## What you have to do
A word-for-word copy of the listing is required, and it must contain no pictures.

┌─ Data provided

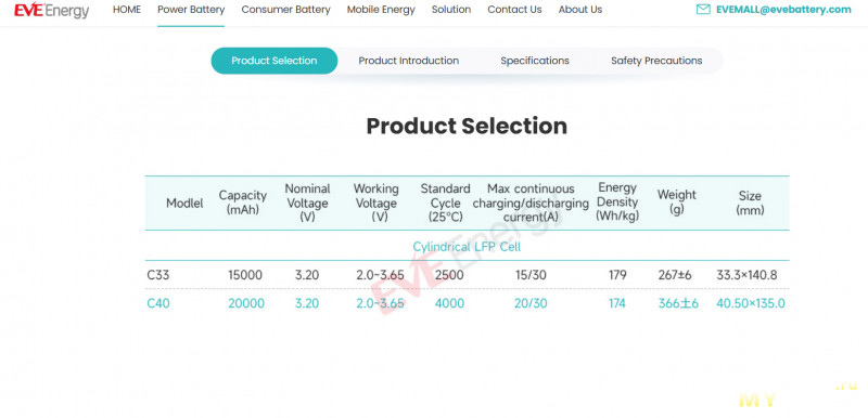 Есть конечно LFP ячейки с большими токами разряда, сайт EVE ссылка
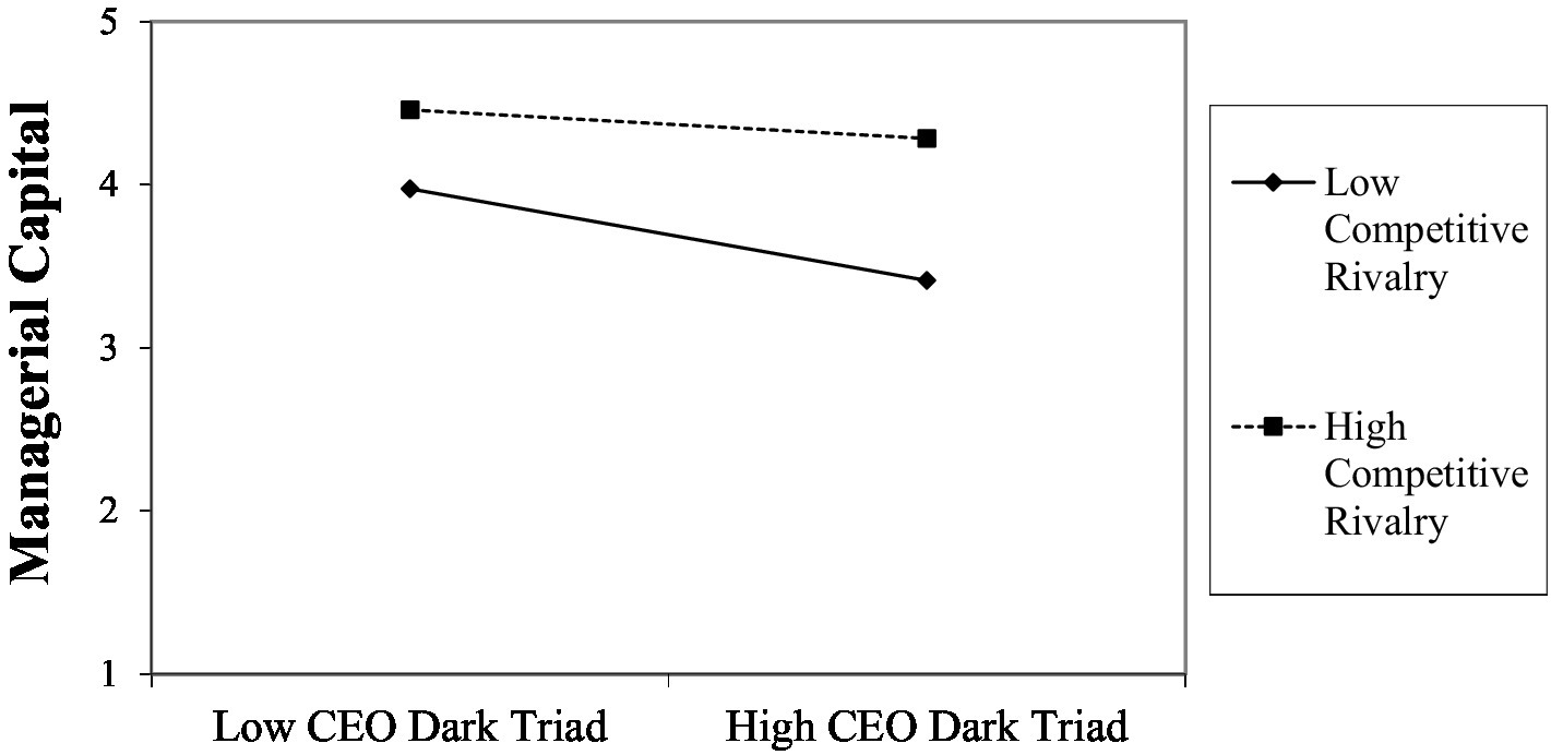 Hypothesis 7: Competitive rivalry will interact with the CEO’s dark triad in terms of (a) managerial capital, (b) breakthrough sales, and (c) organizational performance, leading to stronger beneficial effects and weaker detrimental effects.
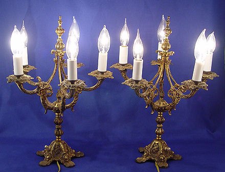 PAIR of ELEGANT BRASS CANDELABRA LAMPS: Brass 5 light lamps. 15 3/4''h. Rewired and new sockets for safety.

└─

## Output for this task
 Есть конечно LFP ячейки с большими токами разряда, сайт EVE ссылка
 Hypothesis 7: Competitive rivalry will interact with the CEO’s dark triad in terms of (a) managerial capital, (b) breakthrough sales, and (c) organizational performance, leading to stronger beneficial effects and weaker detrimental effects.
 PAIR of ELEGANT BRASS CANDELABRA LAMPS: Brass 5 light lamps. 15 3/4''h. Rewired and new sockets for safety.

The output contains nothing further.